The ROC curve is plotted on the left, showing the False Positive Rate vs True Positive Rate, with a reference line for random guessing.
The PR curve is plotted on the right, showing Recall vs Precision. Each fold’s curve is labeled, and the plot is displayed with appropriate titles
and legends for the model name. The function helps in visually assessing the model's performance across different metrics.

In [None]:
# method of plotting roc and pr vurves
def plot_roc_pr_curves(all_fpr, all_tpr, all_precision, all_recall, model_name):
    
    plt.figure(figsize=(12, 5))

    # plot ROC curve
    plt.subplot(1, 2, 1)
    for i in range(len(all_fpr)):
        plt.plot(all_fpr[i], all_tpr[i], lw=1.5, label=f'Fold {i+1}')
    
    # Add the y = x reference line (random guessing baseline)
    plt.plot([0, 1], [0, 1], 'k--', lw=1, label='Random Guess')
    
    plt.xlabel('False Positive Rate')
    plt.ylabel('True Positive Rate')
    plt.title(f'{model_name} - ROC Curve')
    plt.legend()

    # plot PR curve
    plt.subplot(1, 2, 2)
    for i in range(len(all_precision)):
        plt.plot(all_recall[i], all_precision[i], lw=1.5, label=f'Fold {i+1}')
    
    plt.xlabel('Recall')
    plt.ylabel('Precision')
    plt.title(f'{model_name} - Precision-Recall Curve')
    plt.legend()

    plt.tight_layout()
    plt.show()

### 1.8 Method of Test Set Evaluation
This method evaluates the final model on the test set by calculating metrics such as AUC, average precision (AP),
F1 score, precision, and recall. It also tracks evaluation time and system resource usage (CPU, memory, GPU). 
Additionally, it plots the ROC curve and Precision-Recall curve, and prints the final evaluation results.

In [None]:
# Method of test set evaluation
def evaluate_on_test_set(model, X_test, y_test, model_name):
    #start the timing
    start_time = time.time()
    cpu_start, mem_start, gpu_start = get_system_usage()

    
    y_test_proba = model.predict_proba(X_test)[:, 1]
    y_test_pred = model.predict(X_test)

    auc_score = roc_auc_score(y_test, y_test_proba)
    ap_score = average_precision_score(y_test, y_test_proba)
    f1 = f1_score(y_test, y_test_pred)
    precision = precision_score(y_test, y_test_pred)
    recall = recall_score(y_test, y_test_pred)

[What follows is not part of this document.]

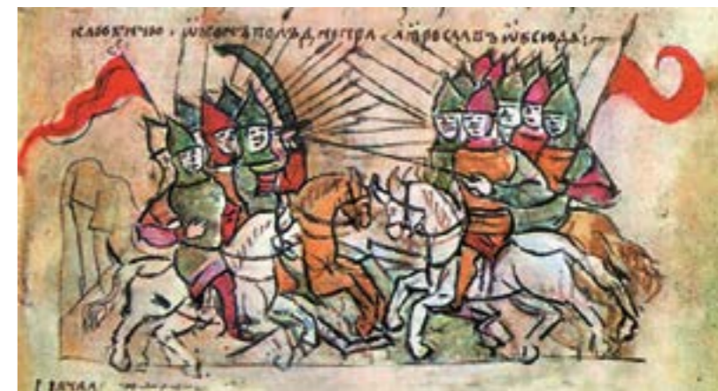
Битва Ярослава та Святополка. Мініатюра Радзивілівського літопису

Згадують літописи і гуманне ставлення русичів до полонених. Іпатіївський літопис під рік

    fpr, tpr, _ = roc_curve(y_test, y_test_proba)
    prec, rec, _ = precision_recall_curve(y_test, y_test_proba)
    
    end_time = time.time()
    cpu_end, mem_end, gpu_end = get_system_usage()

    test_time = end_time - start_time
    test_cpu = (cpu_start + cpu_end) / 2
    test_mem = (mem_start + mem_end) / 2
    test_gpu = (gpu_start + gpu_end) / 2 if gpu_start != "N/A" else "N/A"

    print(f"\n Final Model Evaluation Time: {test_time:.2f}s | CPU: {test_cpu:.2f}% | Memory: {test_mem:.2f}% | GPU: {test_gpu}%")


    print(f"\n {model_name} Final Test Results:")
    print(f" Recall: {recall:.3f},F1: {f1:.3f}, AUC: {auc_score:.3f}, AP: {ap_score:.3f},  Precision: {precision:.3f}")

    plot_roc_pr_curves([fpr], [tpr], [prec], [rec], f"{model_name} - Test Set")
  


### 1.9 Method of Plotting Learning Curves
This method plots three learning curves to assess model performance: one representing the training F1 scores using 5-fold cross-validation, another for the validation F1 scores from cross-validation, and a third showing the test F1 scores to evaluate the model's generalization ability as the training size increases.

In [None]:
def plot_learning_curves(final_model, X_train, y_train, X_test, y_test, model_name):


    train_sizes, train_scores, val_scores = learning_curve(
        final_model, X_train, y_train, cv=5, scoring='f1',
        train_sizes=np.linspace(0.1, 1.0, 10), n_jobs=4
    )

    train_scores_mean = np.mean(train_scores, axis=1)
    val_scores_mean = np.mean(val_scores, axis=1)

    test_scores = []  #store the test results
    for train_size in train_sizes:
        X_subtrain = X_train[:int(train_size)]
        y_subtrain = y_train[:int(train_size)]

        model = final_model.fit(X_subtrain, y_subtrain)
        y_test_pred = model.predict(X_test)
        test_scores.append(f1_score(y_test, y_test_pred))

    # plot curves
    plt.figure(figsize=(10, 6))

    #training curves and validation curves
    plt.plot(train_sizes, train_scores_mean, 'o-', color="r", label="Training Score (CV)")
    plt.plot(train_sizes, val_scores_mean, 'o-', color="b", label="Validation Score (CV)")

    # testing curves
    plt.plot(train_sizes, test_scores, 'o-', color="g", label="Test Score")

    plt.xlabel("Training Samples")
    plt.ylabel("F1 Score")
    plt.title(f"{model_name} Learning Curves")
    plt.legend(loc="best")
    plt.show()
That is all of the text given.